A very interesting discussion.

In the case of names ending in -s, as in _James_, I was taught that it is technically wrong to write _James's _and that one should always write _James'_ but pronounce it _Jamesez. C_onsequently I get extremely indignant whenever I run into it in official writing, usually in place names. But I think perhaps I just hold a particularly old fashioned approach to English grammar, and in current usage it seems to be acceptable to add the extra 's'.

However, in the case of names ending in -z I think it is much more up to the individual, mainly because these names often originate from other languages so no real rule applies. It is an awkward looking and sounding combination, and I would imagine this is the reason some people don't pronounce the extra sound when perhaps it would technically be correct.

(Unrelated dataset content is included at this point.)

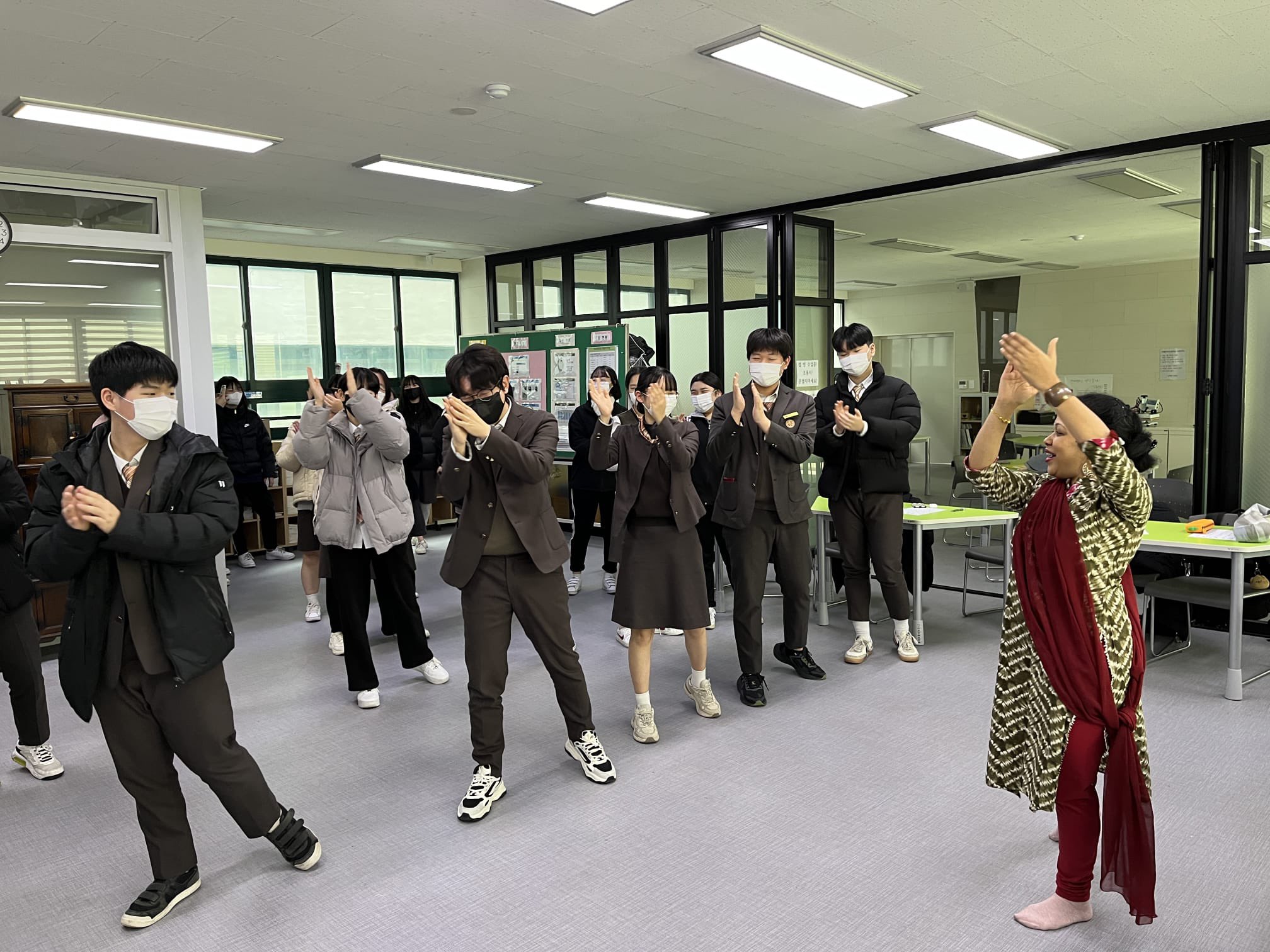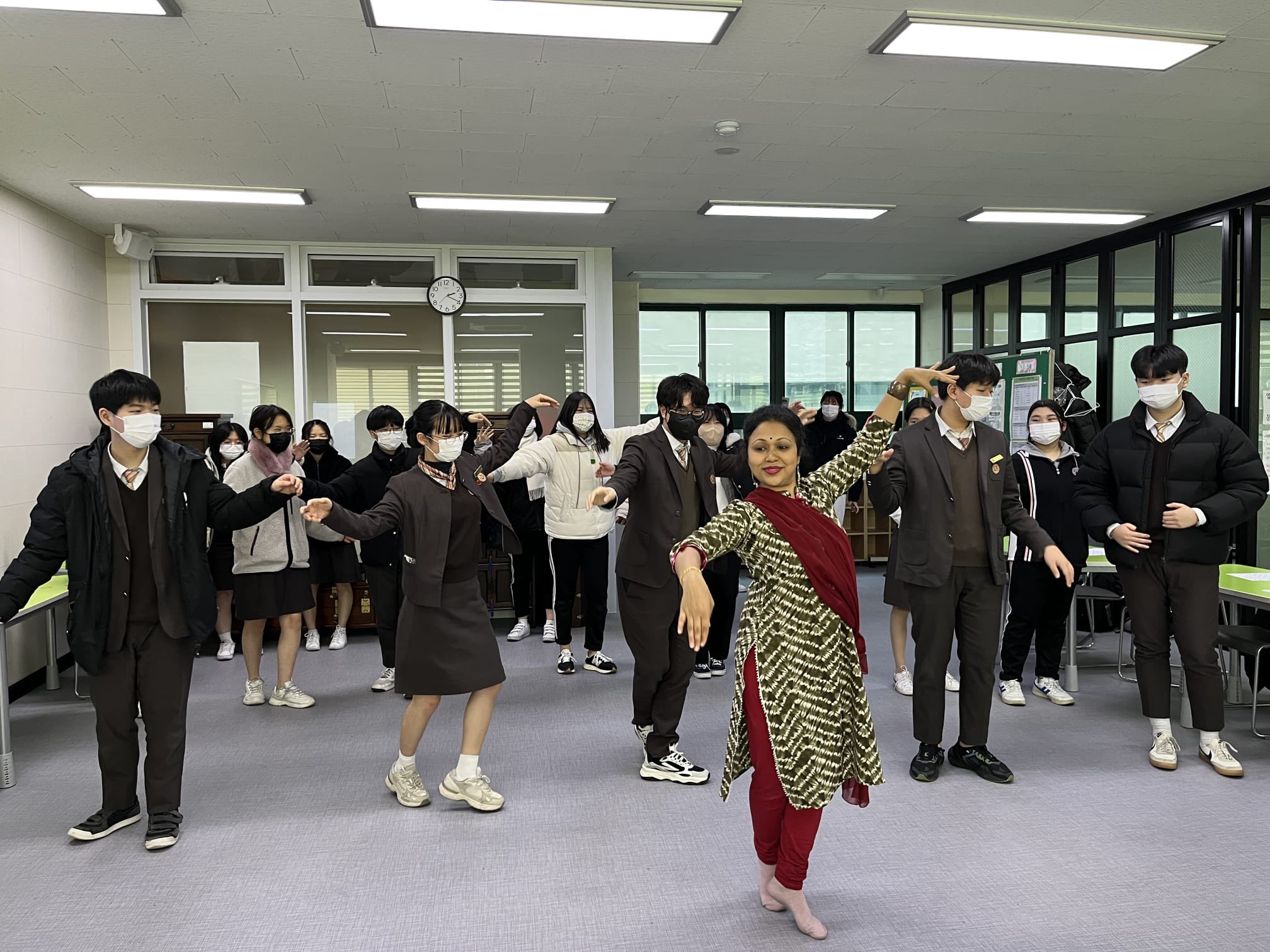India Day at Busan Tourism High School was organized on December 9, 2022. Students participated in Kathak workshop and various hands on activities, writing names in Bengali & Mehndi design.

_Louise's_ never encounters this problem because it does not end in s. And _Keeping up with the Joneses _is plural, not possessive so it doesn't encounter this problem either.

To me _Luiz' _looks more natural as it interferes less with the Spanish word, but_ Baz's_ not _Baz'. _I am not really sure why though, and I think it is really a question of choice - either way will probably look wrong to some people! I think I would say _of _or _belonging to Luiz_ if I could.


----------



## panjandrum

This guide to punctuation would find favour with some, but not all, the above 

This rule [add 's to indicate possessive] applies in most cases even with a name ending in _s_: 

There are three types of exception. 

First, a plural noun which already ends in _s_ takes only a following apostrophe: 

Second, a name ending in _s_ takes only an apostrophe if the possessive form is not pronounced with an extra _s_. 

Third - well you'll have to look that up for yourself otherwise I would have to delete part of my own post


----------



## moo mouse

I always thought when it came to English grammar, that a rule was a rule... but now it seems like there are many conflicting versions of these same rules.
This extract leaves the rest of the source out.